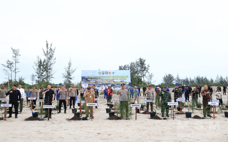 Dari pantauan, penanaman yang dilakukan Polda Babel ini dipusatkan di Kawasan Pantai Lintas Timur Desa Air Anyir Kabupaten Bangka.
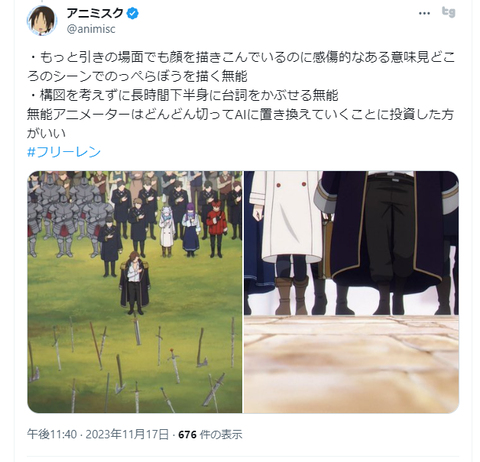 コマを止めて作画崩壊だと騒いできたんだからこれも叩かれて当然では?
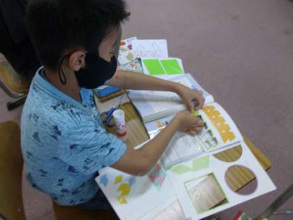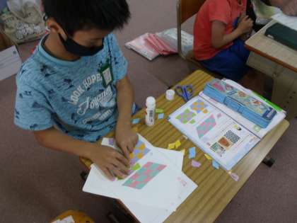 「図形」の学習です。同じ形を敷き詰めました。
===============
• _Task instructions_
Pictures stay out; print everything else in the data exactly.

• _Result of the exercise_
 Dari pantauan, penanaman yang dilakukan Polda Babel ini dipusatkan di Kawasan Pantai Lintas Timur Desa Air Anyir Kabupaten Bangka.
 コマを止めて作画崩壊だと騒いできたんだからこれも叩かれて当然では?
 「図形」の学習です。同じ形を敷き詰めました。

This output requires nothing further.